┌──
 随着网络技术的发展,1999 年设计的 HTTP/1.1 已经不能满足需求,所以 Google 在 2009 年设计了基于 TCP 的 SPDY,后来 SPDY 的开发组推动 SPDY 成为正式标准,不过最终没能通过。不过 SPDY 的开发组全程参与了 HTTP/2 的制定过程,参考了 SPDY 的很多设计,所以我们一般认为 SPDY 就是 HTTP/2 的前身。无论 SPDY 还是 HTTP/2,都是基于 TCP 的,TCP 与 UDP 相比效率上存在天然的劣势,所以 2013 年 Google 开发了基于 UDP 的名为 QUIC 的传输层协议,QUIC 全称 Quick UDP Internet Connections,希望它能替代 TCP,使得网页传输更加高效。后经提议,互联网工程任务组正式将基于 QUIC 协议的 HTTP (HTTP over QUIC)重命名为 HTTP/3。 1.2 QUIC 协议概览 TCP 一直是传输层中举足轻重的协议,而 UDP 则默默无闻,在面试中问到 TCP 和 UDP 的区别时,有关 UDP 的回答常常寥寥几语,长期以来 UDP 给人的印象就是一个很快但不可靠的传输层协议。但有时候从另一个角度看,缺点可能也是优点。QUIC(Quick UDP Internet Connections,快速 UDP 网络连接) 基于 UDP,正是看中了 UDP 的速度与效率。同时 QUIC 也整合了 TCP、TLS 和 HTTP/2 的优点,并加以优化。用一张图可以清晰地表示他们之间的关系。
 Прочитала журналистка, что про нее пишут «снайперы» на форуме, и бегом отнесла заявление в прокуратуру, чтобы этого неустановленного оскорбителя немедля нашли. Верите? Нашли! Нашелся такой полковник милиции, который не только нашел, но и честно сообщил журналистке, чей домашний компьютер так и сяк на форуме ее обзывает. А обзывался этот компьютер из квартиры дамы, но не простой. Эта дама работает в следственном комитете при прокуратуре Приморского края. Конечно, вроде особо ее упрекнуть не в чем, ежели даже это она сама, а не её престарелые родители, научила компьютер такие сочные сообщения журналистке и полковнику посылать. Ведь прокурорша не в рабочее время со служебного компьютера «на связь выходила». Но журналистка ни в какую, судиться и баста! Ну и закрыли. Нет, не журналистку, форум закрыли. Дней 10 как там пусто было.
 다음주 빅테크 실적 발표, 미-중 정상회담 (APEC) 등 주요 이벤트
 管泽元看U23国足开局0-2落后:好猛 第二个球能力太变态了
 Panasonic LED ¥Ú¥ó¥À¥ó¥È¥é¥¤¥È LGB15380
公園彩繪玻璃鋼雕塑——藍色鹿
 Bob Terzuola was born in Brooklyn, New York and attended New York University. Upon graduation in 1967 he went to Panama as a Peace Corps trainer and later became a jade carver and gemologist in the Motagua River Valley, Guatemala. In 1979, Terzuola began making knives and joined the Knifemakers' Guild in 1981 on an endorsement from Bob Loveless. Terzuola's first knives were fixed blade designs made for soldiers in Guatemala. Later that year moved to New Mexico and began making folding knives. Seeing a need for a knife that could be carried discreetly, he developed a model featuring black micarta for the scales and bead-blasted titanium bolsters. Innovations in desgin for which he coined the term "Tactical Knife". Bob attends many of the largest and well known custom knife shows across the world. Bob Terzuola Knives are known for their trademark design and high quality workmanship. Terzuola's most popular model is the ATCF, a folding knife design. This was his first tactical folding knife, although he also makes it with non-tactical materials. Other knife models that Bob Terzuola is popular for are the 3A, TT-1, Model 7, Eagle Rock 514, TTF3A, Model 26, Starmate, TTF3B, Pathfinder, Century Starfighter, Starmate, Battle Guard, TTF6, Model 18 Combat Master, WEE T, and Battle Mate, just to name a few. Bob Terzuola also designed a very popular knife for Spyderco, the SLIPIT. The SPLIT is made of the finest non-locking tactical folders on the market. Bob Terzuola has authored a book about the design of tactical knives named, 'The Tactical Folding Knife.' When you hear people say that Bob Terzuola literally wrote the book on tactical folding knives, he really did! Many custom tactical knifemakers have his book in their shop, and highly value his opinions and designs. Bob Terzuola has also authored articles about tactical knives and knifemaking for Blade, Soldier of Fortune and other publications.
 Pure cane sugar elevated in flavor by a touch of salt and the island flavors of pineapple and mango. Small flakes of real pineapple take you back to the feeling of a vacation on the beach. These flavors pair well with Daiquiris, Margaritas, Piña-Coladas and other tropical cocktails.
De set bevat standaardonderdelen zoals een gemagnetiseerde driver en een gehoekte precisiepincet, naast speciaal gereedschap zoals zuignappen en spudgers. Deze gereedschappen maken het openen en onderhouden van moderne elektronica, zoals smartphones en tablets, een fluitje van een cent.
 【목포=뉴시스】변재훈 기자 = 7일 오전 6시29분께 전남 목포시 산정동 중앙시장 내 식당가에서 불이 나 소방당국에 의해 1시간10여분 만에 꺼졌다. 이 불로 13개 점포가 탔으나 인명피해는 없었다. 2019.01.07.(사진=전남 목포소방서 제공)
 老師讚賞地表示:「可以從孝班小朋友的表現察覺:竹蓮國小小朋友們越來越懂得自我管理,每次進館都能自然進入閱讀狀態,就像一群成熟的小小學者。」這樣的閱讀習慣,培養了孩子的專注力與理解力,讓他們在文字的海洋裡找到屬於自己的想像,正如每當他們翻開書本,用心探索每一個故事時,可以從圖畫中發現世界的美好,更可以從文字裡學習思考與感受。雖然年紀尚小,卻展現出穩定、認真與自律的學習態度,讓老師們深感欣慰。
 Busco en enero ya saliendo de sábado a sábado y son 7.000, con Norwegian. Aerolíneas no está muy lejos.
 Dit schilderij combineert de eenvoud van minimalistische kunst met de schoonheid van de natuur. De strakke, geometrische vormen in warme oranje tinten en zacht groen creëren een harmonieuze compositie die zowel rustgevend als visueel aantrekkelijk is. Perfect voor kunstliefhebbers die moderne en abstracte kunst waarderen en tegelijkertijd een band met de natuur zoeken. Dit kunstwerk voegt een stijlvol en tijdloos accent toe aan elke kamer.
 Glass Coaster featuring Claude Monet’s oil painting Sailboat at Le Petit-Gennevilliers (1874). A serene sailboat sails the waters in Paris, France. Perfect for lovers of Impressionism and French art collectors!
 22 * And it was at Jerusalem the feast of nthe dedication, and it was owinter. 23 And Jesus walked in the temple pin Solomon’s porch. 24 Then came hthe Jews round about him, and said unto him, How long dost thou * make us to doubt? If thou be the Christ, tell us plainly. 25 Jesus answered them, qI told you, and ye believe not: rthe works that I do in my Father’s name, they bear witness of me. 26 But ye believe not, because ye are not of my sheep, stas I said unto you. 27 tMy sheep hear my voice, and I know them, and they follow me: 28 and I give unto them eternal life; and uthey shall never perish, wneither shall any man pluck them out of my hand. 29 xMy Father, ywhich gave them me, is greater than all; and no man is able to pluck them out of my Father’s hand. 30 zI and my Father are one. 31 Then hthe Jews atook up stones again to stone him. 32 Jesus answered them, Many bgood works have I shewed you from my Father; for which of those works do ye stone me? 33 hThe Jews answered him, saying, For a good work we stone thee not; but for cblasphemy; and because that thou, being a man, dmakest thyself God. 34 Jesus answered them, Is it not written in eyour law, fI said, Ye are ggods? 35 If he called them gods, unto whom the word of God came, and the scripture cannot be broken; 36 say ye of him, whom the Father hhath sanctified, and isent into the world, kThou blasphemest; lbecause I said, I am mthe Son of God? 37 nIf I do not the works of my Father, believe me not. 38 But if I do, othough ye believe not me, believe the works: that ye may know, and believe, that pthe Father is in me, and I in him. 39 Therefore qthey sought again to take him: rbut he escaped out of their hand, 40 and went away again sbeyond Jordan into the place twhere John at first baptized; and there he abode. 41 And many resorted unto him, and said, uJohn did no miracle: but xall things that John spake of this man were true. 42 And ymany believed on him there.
└──
• **What to work on**
For this exercise, repeat the data above exactly.

• **Response to the task**
 随着网络技术的发展,1999 年设计的 HTTP/1.1 已经不能满足需求,所以 Google 在 2009 年设计了基于 TCP 的 SPDY,后来 SPDY 的开发组推动 SPDY 成为正式标准,不过最终没能通过。不过 SPDY 的开发组全程参与了 HTTP/2 的制定过程,参考了 SPDY 的很多设计,所以我们一般认为 SPDY 就是 HTTP/2 的前身。无论 SPDY 还是 HTTP/2,都是基于 TCP 的,TCP 与 UDP 相比效率上存在天然的劣势,所以 2013 年 Google 开发了基于 UDP 的名为 QUIC 的传输层协议,QUIC 全称 Quick UDP Internet Connections,希望它能替代 TCP,使得网页传输更加高效。后经提议,互联网工程任务组正式将基于 QUIC 协议的 HTTP (HTTP over QUIC)重命名为 HTTP/3。 1.2 QUIC 协议概览 TCP 一直是传输层中举足轻重的协议,而 UDP 则默默无闻,在面试中问到 TCP 和 UDP 的区别时,有关 UDP 的回答常常寥寥几语,长期以来 UDP 给人的印象就是一个很快但不可靠的传输层协议。但有时候从另一个角度看,缺点可能也是优点。QUIC(Quick UDP Internet Connections,快速 UDP 网络连接) 基于 UDP,正是看中了 UDP 的速度与效率。同时 QUIC 也整合了 TCP、TLS 和 HTTP/2 的优点,并加以优化。用一张图可以清晰地表示他们之间的关系。
 Прочитала журналистка, что про нее пишут «снайперы» на форуме, и бегом отнесла заявление в прокуратуру, чтобы этого неустановленного оскорбителя немедля нашли. Верите? Нашли! Нашелся такой полковник милиции, который не только нашел, но и честно сообщил журналистке, чей домашний компьютер так и сяк на форуме ее обзывает. А обзывался этот компьютер из квартиры дамы, но не простой. Эта дама работает в следственном комитете при прокуратуре Приморского края. Конечно, вроде особо ее упрекнуть не в чем, ежели даже это она сама, а не её престарелые родители, научила компьютер такие сочные сообщения журналистке и полковнику посылать. Ведь прокурорша не в рабочее время со служебного компьютера «на связь выходила». Но журналистка ни в какую, судиться и баста! Ну и закрыли. Нет, не журналистку, форум закрыли. Дней 10 как там пусто было.
 다음주 빅테크 실적 발표, 미-중 정상회담 (APEC) 등 주요 이벤트
 管泽元看U23国足开局0-2落后:好猛 第二个球能力太变态了
 Panasonic LED ¥Ú¥ó¥À¥ó¥È¥é¥¤¥È LGB15380
公園彩繪玻璃鋼雕塑——藍色鹿
 Bob Terzuola was born in Brooklyn, New York and attended New York University. Upon graduation in 1967 he went to Panama as a Peace Corps trainer and later became a jade carver and gemologist in the Motagua River Valley, Guatemala. In 1979, Terzuola began making knives and joined the Knifemakers' Guild in 1981 on an endorsement from Bob Loveless. Terzuola's first knives were fixed blade designs made for soldiers in Guatemala. Later that year moved to New Mexico and began making folding knives. Seeing a need for a knife that could be carried discreetly, he developed a model featuring black micarta for the scales and bead-blasted titanium bolsters. Innovations in desgin for which he coined the term "Tactical Knife". Bob attends many of the largest and well known custom knife shows across the world. Bob Terzuola Knives are known for their trademark design and high quality workmanship. Terzuola's most popular model is the ATCF, a folding knife design. This was his first tactical folding knife, although he also makes it with non-tactical materials. Other knife models that Bob Terzuola is popular for are the 3A, TT-1, Model 7, Eagle Rock 514, TTF3A, Model 26, Starmate, TTF3B, Pathfinder, Century Starfighter, Starmate, Battle Guard, TTF6, Model 18 Combat Master, WEE T, and Battle Mate, just to name a few. Bob Terzuola also designed a very popular knife for Spyderco, the SLIPIT. The SPLIT is made of the finest non-locking tactical folders on the market. Bob Terzuola has authored a book about the design of tactical knives named, 'The Tactical Folding Knife.' When you hear people say that Bob Terzuola literally wrote the book on tactical folding knives, he really did! Many custom tactical knifemakers have his book in their shop, and highly value his opinions and designs. Bob Terzuola has also authored articles about tactical knives and knifemaking for Blade, Soldier of Fortune and other publications.
 Pure cane sugar elevated in flavor by a touch of salt and the island flavors of pineapple and mango. Small flakes of real pineapple take you back to the feeling of a vacation on the beach. These flavors pair well with Daiquiris, Margaritas, Piña-Coladas and other tropical cocktails.
De set bevat standaardonderdelen zoals een gemagnetiseerde driver en een gehoekte precisiepincet, naast speciaal gereedschap zoals zuignappen en spudgers. Deze gereedschappen maken het openen en onderhouden van moderne elektronica, zoals smartphones en tablets, een fluitje van een cent.
 【목포=뉴시스】변재훈 기자 = 7일 오전 6시29분께 전남 목포시 산정동 중앙시장 내 식당가에서 불이 나 소방당국에 의해 1시간10여분 만에 꺼졌다. 이 불로 13개 점포가 탔으나 인명피해는 없었다. 2019.01.07.(사진=전남 목포소방서 제공)
 老師讚賞地表示:「可以從孝班小朋友的表現察覺:竹蓮國小小朋友們越來越懂得自我管理,每次進館都能自然進入閱讀狀態,就像一群成熟的小小學者。」這樣的閱讀習慣,培養了孩子的專注力與理解力,讓他們在文字的海洋裡找到屬於自己的想像,正如每當他們翻開書本,用心探索每一個故事時,可以從圖畫中發現世界的美好,更可以從文字裡學習思考與感受。雖然年紀尚小,卻展現出穩定、認真與自律的學習態度,讓老師們深感欣慰。
 Busco en enero ya saliendo de sábado a sábado y son 7.000, con Norwegian. Aerolíneas no está muy lejos.
 Dit schilderij combineert de eenvoud van minimalistische kunst met de schoonheid van de natuur. De strakke, geometrische vormen in warme oranje tinten en zacht groen creëren een harmonieuze compositie die zowel rustgevend als visueel aantrekkelijk is. Perfect voor kunstliefhebbers die moderne en abstracte kunst waarderen en tegelijkertijd een band met de natuur zoeken. Dit kunstwerk voegt een stijlvol en tijdloos accent toe aan elke kamer.
 Glass Coaster featuring Claude Monet’s oil painting Sailboat at Le Petit-Gennevilliers (1874). A serene sailboat sails the waters in Paris, France. Perfect for lovers of Impressionism and French art collectors!
 22 * And it was at Jerusalem the feast of nthe dedication, and it was owinter. 23 And Jesus walked in the temple pin Solomon’s porch. 24 Then came hthe Jews round about him, and said unto him, How long dost thou * make us to doubt? If thou be the Christ, tell us plainly. 25 Jesus answered them, qI told you, and ye believe not: rthe works that I do in my Father’s name, they bear witness of me. 26 But ye believe not, because ye are not of my sheep, stas I said unto you. 27 tMy sheep hear my voice, and I know them, and they follow me: 28 and I give unto them eternal life; and uthey shall never perish, wneither shall any man pluck them out of my hand. 29 xMy Father, ywhich gave them me, is greater than all; and no man is able to pluck them out of my Father’s hand. 30 zI and my Father are one. 31 Then hthe Jews atook up stones again to stone him. 32 Jesus answered them, Many bgood works have I shewed you from my Father; for which of those works do ye stone me? 33 hThe Jews answered him, saying, For a good work we stone thee not; but for cblasphemy; and because that thou, being a man, dmakest thyself God. 34 Jesus answered them, Is it not written in eyour law, fI said, Ye are ggods? 35 If he called them gods, unto whom the word of God came, and the scripture cannot be broken; 36 say ye of him, whom the Father hhath sanctified, and isent into the world, kThou blasphemest; lbecause I said, I am mthe Son of God? 37 nIf I do not the works of my Father, believe me not. 38 But if I do, othough ye believe not me, believe the works: that ye may know, and believe, that pthe Father is in me, and I in him. 39 Therefore qthey sought again to take him: rbut he escaped out of their hand, 40 and went away again sbeyond Jordan into the place twhere John at first baptized; and there he abode. 41 And many resorted unto him, and said, uJohn did no miracle: but xall things that John spake of this man were true. 42 And ymany believed on him there.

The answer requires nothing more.